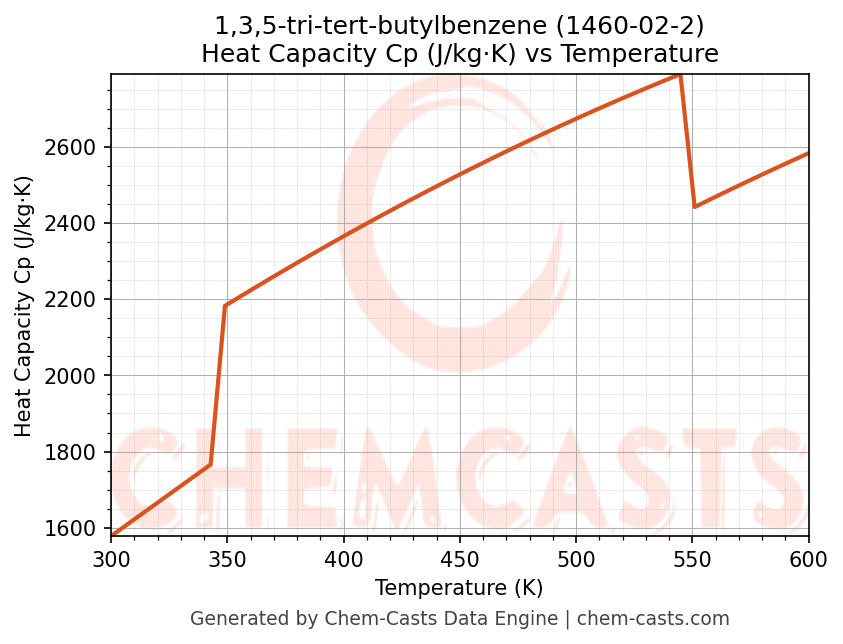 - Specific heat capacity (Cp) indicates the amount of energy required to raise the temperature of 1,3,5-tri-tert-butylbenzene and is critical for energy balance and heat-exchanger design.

- - -

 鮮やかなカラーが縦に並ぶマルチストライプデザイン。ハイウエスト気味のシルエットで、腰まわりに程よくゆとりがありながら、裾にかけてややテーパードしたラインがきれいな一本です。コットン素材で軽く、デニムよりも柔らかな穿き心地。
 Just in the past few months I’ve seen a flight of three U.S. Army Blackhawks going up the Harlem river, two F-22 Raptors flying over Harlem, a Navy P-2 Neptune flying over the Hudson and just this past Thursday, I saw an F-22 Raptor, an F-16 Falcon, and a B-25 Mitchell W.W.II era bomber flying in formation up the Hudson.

- - -

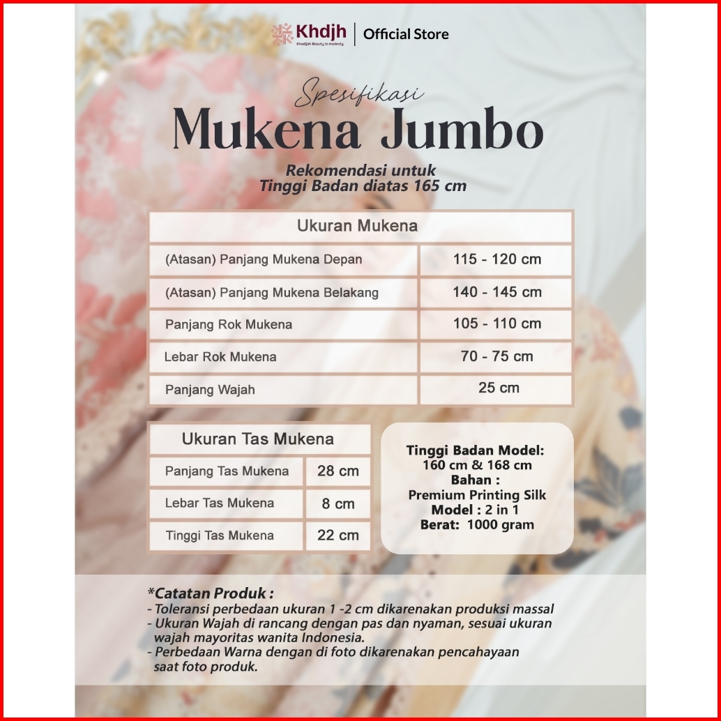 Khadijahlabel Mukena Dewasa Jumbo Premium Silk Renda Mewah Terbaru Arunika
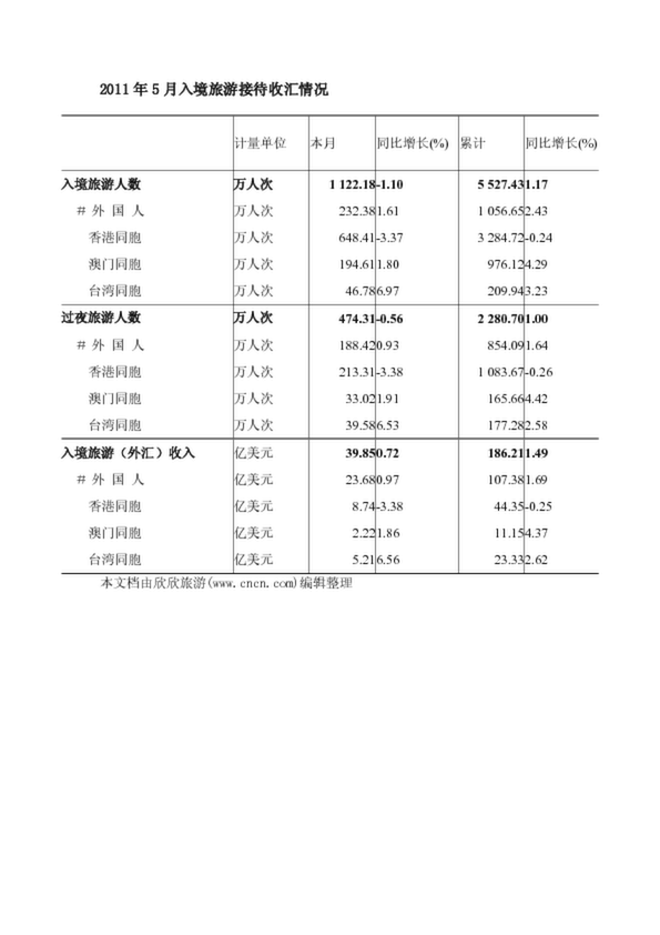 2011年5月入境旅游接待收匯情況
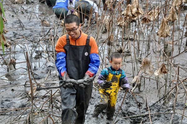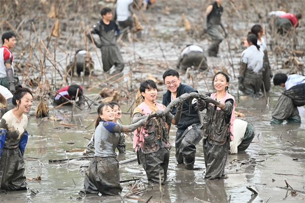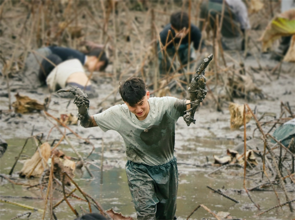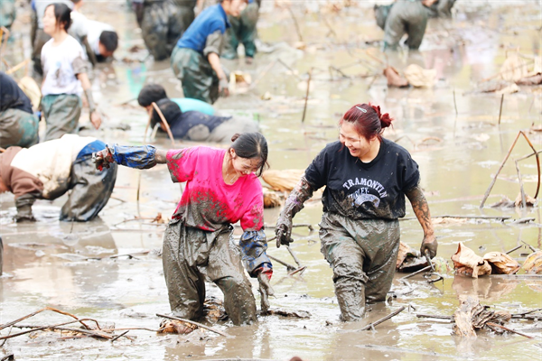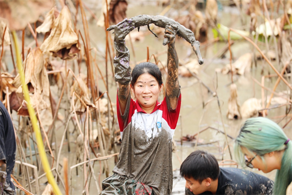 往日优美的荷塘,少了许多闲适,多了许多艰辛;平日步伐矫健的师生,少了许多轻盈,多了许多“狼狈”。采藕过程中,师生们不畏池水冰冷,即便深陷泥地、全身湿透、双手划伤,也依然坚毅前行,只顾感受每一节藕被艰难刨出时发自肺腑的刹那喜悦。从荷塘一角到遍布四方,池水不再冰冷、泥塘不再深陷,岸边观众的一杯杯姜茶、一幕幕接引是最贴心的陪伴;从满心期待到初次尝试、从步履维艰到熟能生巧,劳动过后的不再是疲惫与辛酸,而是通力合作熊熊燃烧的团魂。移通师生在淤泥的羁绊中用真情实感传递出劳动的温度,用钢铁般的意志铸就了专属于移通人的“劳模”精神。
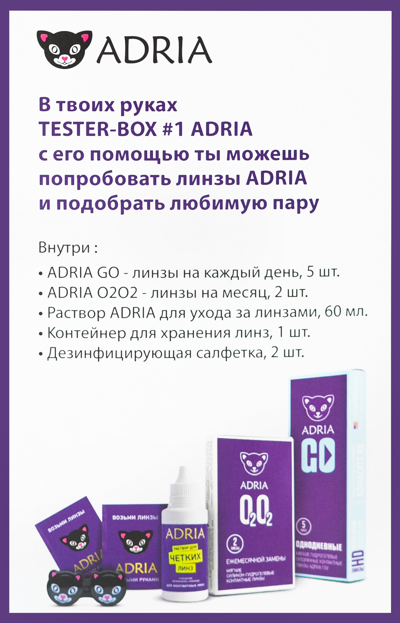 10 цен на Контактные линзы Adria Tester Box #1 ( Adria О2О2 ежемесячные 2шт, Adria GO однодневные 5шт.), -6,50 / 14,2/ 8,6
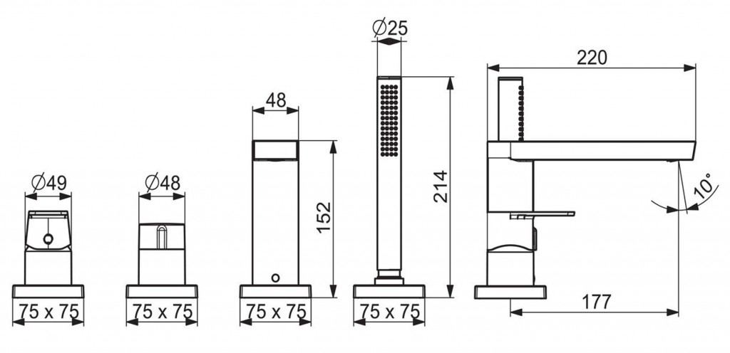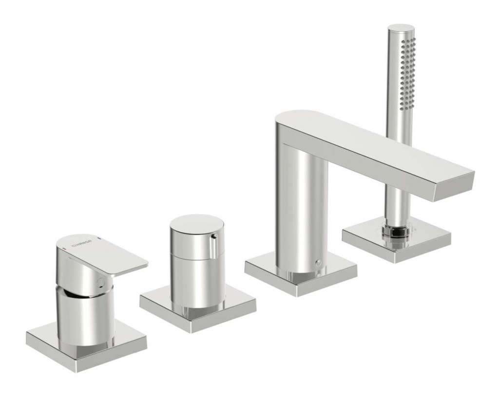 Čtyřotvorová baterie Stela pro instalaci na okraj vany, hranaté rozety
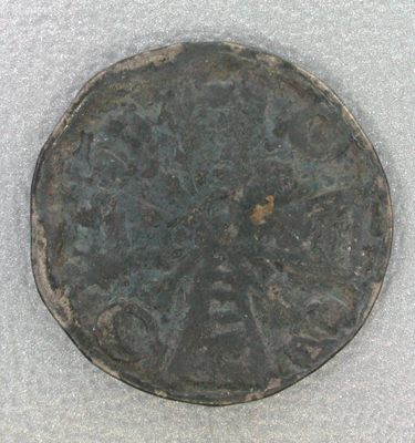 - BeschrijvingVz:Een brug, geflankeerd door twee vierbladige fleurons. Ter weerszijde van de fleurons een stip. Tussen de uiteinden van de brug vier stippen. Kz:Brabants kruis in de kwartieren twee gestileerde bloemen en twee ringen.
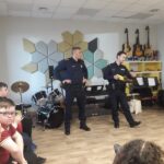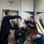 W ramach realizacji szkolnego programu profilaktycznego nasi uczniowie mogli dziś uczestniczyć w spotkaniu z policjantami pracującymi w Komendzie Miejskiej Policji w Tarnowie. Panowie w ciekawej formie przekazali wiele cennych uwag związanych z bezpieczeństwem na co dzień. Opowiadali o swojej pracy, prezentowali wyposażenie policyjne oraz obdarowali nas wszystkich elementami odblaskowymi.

- - -

> **Problem statement**: Find the line with "2011年5月入境旅游接待收匯情況" and the line with "10 цен на Контактные" in the records above. Copy both and all lines between them exactly, without pictures.

> **Written solution**:
 2011年5月入境旅游接待收匯情況
 往日优美的荷塘,少了许多闲适,多了许多艰辛;平日步伐矫健的师生,少了许多轻盈,多了许多“狼狈”。采藕过程中,师生们不畏池水冰冷,即便深陷泥地、全身湿透、双手划伤,也依然坚毅前行,只顾感受每一节藕被艰难刨出时发自肺腑的刹那喜悦。从荷塘一角到遍布四方,池水不再冰冷、泥塘不再深陷,岸边观众的一杯杯姜茶、一幕幕接引是最贴心的陪伴;从满心期待到初次尝试、从步履维艰到熟能生巧,劳动过后的不再是疲惫与辛酸,而是通力合作熊熊燃烧的团魂。移通师生在淤泥的羁绊中用真情实感传递出劳动的温度,用钢铁般的意志铸就了专属于移通人的“劳模”精神。
 10 цен на Контактные линзы Adria Tester Box #1 ( Adria О2О2 ежемесячные 2шт, Adria GO однодневные 5шт.), -6,50 / 14,2/ 8,6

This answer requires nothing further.